South Park’s Best Christmas Story Stole From Its Most Hated Episode

South Park’s Best Christmas Story Stole From Its Most Hated Episode

One of the greatest South Park Christmas specials stole a joke from one of the show’s most hated outings. South Park tends to get in trouble when the show gets too ambitious. The curse of a satirical series that mocks people for caring about things is that when an episode has a lot of effort and care put into it, it is often met with mockery by South Park’s fan base. Take, for example, South Park season 4, episode 14, “Pip.” An ambitious retelling of the classic Charles Dickens bildungsroman Great Expectations, “Pip” is devoted to the backstory of the titular annoying English kid glimpsed in earlier episodes.

Devoting an entire episode to Pip might sound like a bad idea, particularly when South Park making Randy a main character caused storytelling problems and that supporting star was already a bigger part of the show than Pip. However, the broadly negative reception of “Pip” is still notable, considering how much work went into the episode. South Park co-creators Matt Stone and Trey Parker admitted that they spent a lot of time, money, and effort making “Pip” happen, only for the fan base to almost universally reject it. As a result, the episode remains one of South Park’s lowest-rated outings online and frequently appears in the show’s worst episode rundowns.

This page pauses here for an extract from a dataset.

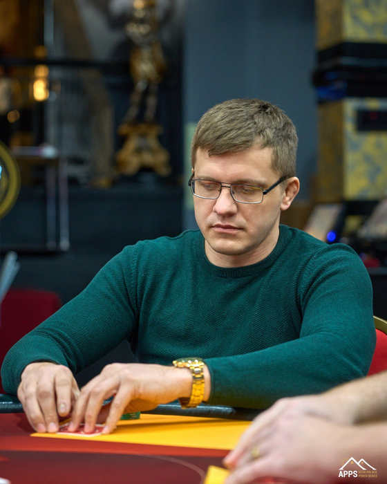 Съ нiмъ остался играть Михаилъ Бутырiнъ (120К) на большомъ блайндѣ съ .

South Park’s Woodland Critter Christmas Explained

South Park’s Best Christmas Story Stole From Its Most Hated Episode

However, although “Pip” is mainly viewed as a misguided failure by South Park viewers, the episode did inspire the funniest gag in a later, well-loved Christmas special. While South Park’s best Christmas special in years revived the show’s social commentary with an insightful satire of Jeff Bezos and Amazon, the show’s best holiday special before this outing took the opposite approach. South Park season 8, episode 14, “Woodland Critter Christmas,” was a rare episode of the series that has nothing to do with contemporary events. Instead, “Woodland Critter Christmas” is a parody of Disney movies that gets progressively darker until its ludicrous punchline reveals a twist ending.

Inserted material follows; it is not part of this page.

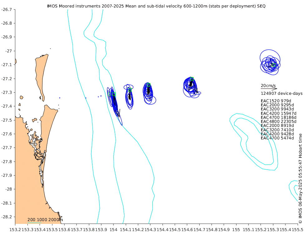 These maps show some basic analyses of the velocity data: mean (all-time in black and seasonal in colour) and sub-tidal variance for several layers and time-windows, and tidal harmonics for the depth-average velocity using the whole record. Click through to see more detailed plots of the selected dataset or to download those data from the AODN thredds server.

“Woodland Critter Christmas” sees Stan help a group of adorable endangered animals decorate their Christmas tree. Stan soon saves the creatures from a mountain lion and helps them ward off further danger as the animals tell him that one of them is pregnant with their savior. Of course, South Park’s greatest curse is the show’s edginess, so no longtime viewer will be surprised to learn that the animals are secretly Satanists and their savior is the antichrist. Stan finds himself compelled to keep helping these murderous monsters by a pushy narrator and, after the episode reveals why “Woodland Critter Christmas” steals its final punchline directly from South Park’s much-hated “Pip.”

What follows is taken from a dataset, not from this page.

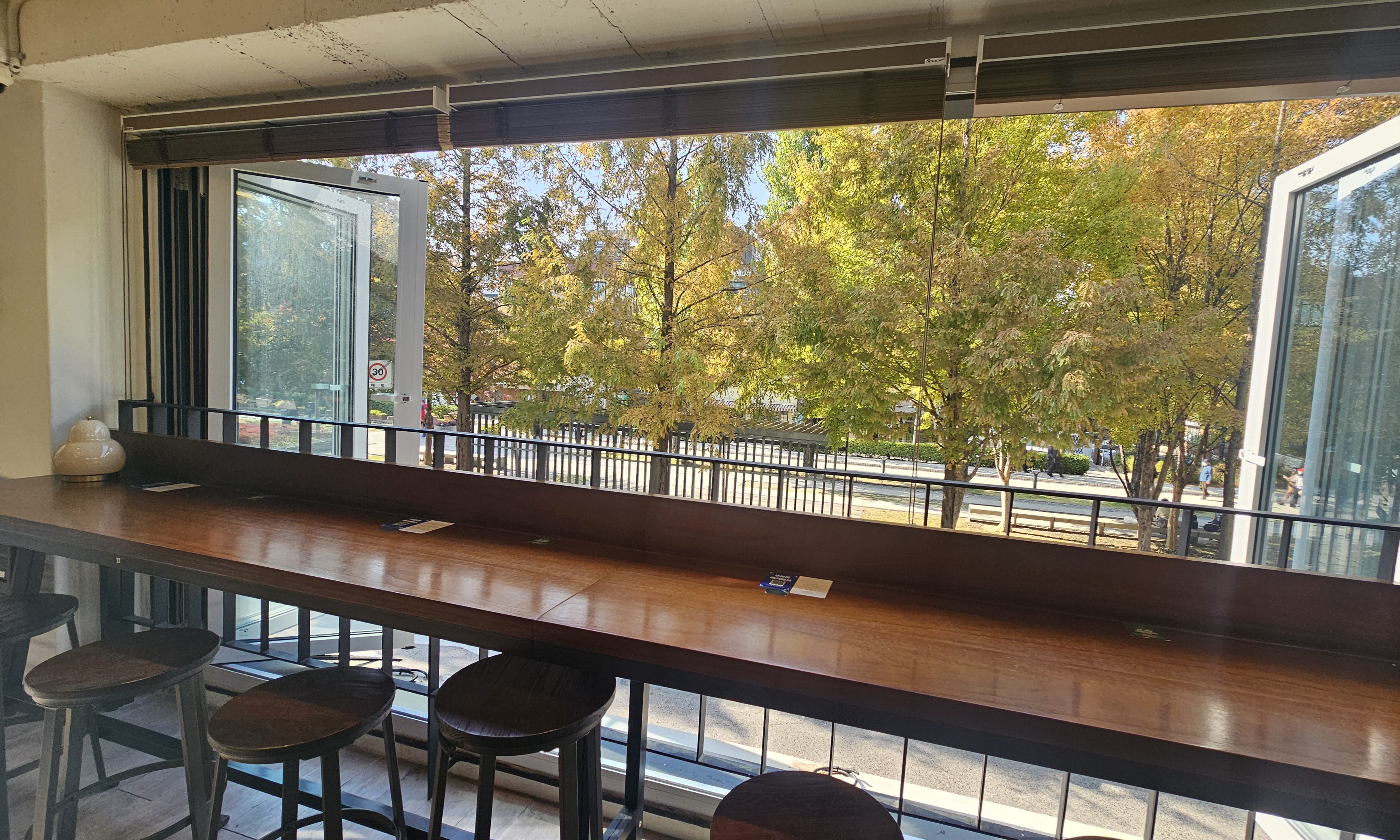 창밖으로 단풍이 펼쳐지는 뷰가 좋아 보여서 선택했는데, 정말 탁월한 선택이었어요.

How South Park Stole Its Own Joke

The South Park characters standing next to a Christmas tree

At the end of “Pip,” Malcolm McDowell’s narration announces that the entire cast of characters lived happily ever after “except for Pocket, who died of hepatitis B.” It’s a bracing, brutal joke, and one that is lifted wholesale in “Woodland Critter Christmas,” when Cartman is revealed to be the episode’s narrator. In the show’s darkest Christmas special since South Park’s earliest origins, “The Spirit of Christmas,” Cartman announces that the characters of “Woodland Critter Christmas” all lived happily ever after at the story’s end, “except for Kyle, who died of AIDS.”

Why South Park’s Pip Is So Hated

South Park Pip

While the two gags are essentially the same joke, “Woodland Critter Christmas” received a far warmer welcome from fans than “Pip.” Ironically, “Woodland Critter Christmas” was an episode that Stone and Parker admitted was rushed and written while the pair were running out of ideas, while “Pip” was an ambitious outing they committed a lot of effort to. This disparity might explain why “Pip” is so hated, as the episode tries to do too much for a single twenty-minute outing. South Park is a silly series that mocks everyone and everything, so attempting to faithfully recreate a Victorian novel in 20 minutes may have been too ambitious for the show’s remit.

Why Woodland Critter Christmas’s Ending Gag Worked

South Park Satanic Woodland Critters

While the best Simpsons Christmas episodes lean into the show’s sweeter side, South Park’s strongest festive offerings focus on the meaner elements of what makes the series work. Christmas specials are expected to be sweet, so South Park’s creators naturally go out of their way to subvert this staid, safe television convention. Making Cartman the narrator of “Woodland Critter Christmas” makes the surprise death of Kyle a brutal, but contextually appropriate, gag that funnels Cartman’s hate of his classmate into hilariously unnecessary death. In contrast, the ending of “Pip” didn’t work as well because, like the rest of the hated South Park episode, the gag didn’t play off the show’s main characters.